Have you ever found yourself at a sporting event wondering what it would be like to sit closer to the field in those vacant seats game-in and game-out? Have you ever pondered how unfair it is that those fair-weather fans, that just happen to be loaded, use their seats within feet of the court during just a handful of home games? Well, as we seem to hear all the time now, “There’s an app for that.”

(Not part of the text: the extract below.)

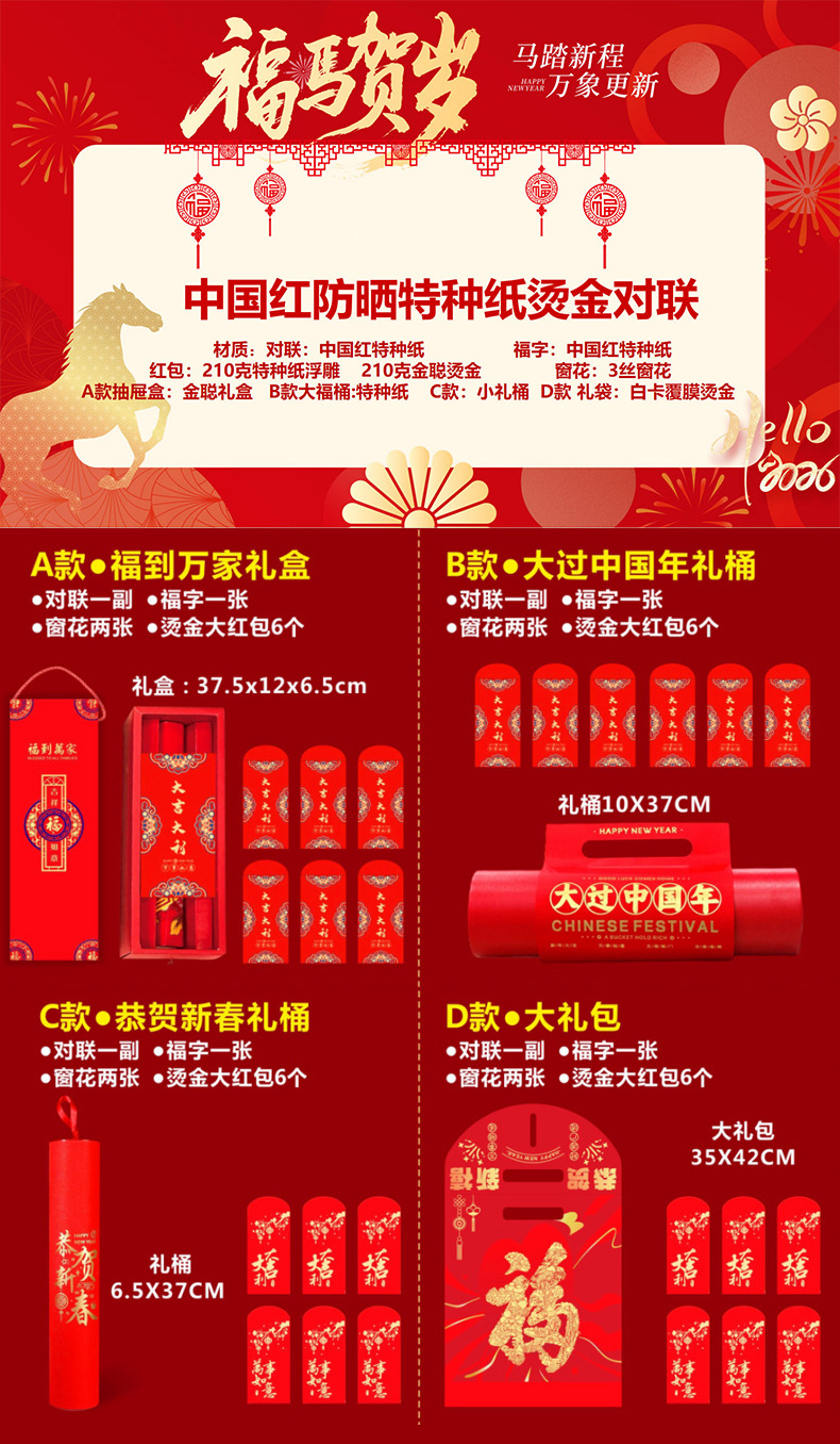 2026马年新春对联福字过年大礼包烫金广告定制lg春节春联红包现货

There is a new mobile app called LetsMoveDown that will now benefit all parties involved. Yes, you really can have your cake and eat it too. First and foremost, there are a lot of season ticket holders that know they won’t be able to make it to every game. Why not capitalize on other fans wishing they could sit in your amazing seats? Using the LMD App, season ticket holders can now sell their tickets that won’t be used by scanning the barcodes for that particular game and avoid taking the loss. Why stop there though? Baseball, in particular, is a sport that will always have a hard time selling out every game. It has nothing to do with fans not loving or being passionate about their team, but instead the reality of a full baseball season and the 81 home games that it encompasses (there will just about always be available inventory). LMD has partnered with several franchises to capitalize on this void though and in return benefit both the franchise and the fan. LetsMoveDown co-founder, Derek Shewmon, explains that, “Prices are set at the beginning of the game by the team, usually around face value or at a slight discount. After the game starts, ticket prices decline based on an algorithm that factors in variables such as seat location, time remaining in the game, day of the week, home team record, away team, and supply and demand of the tickets to the game.” It would be silly for organizations to not consider utilizing a product like this when one of their primary focuses is generating revenue and being able to capitalize on what would otherwise be sunk-costs once the game has started. As for the fans, how can you go wrong? They now have the ability to upgrade their experience during the event at whatever price-point they feel comfortable taking advantage of; all while receiving concession coupons, fan offers and game updates directly through the app – for FREE.
As great as this product can be, I believe there will still be some challenges presented regardless of how finely tuned the app is. I’m sorry Los Angeles fans, but your peers are the perfect example. Never in my life have I seen fans still show up during the 3rd quarter of a basketball game, halfway through the second period of a hockey game and during the 5th or 6th inning of a baseball game. Yet it happens in Southern California; a lot. That being said, just because it appears inventory might be available, doesn’t mean it actually is available. Another issue that could come up is season ticket holders simply forgetting to scan their tickets so that they can be resold. Finally, one of the greatest obstacles that fans may have to overcome is simply not having the mobile connectivity at an event to use this service. We all know how bad cell towers and WiFi can be at stadiums and arenas.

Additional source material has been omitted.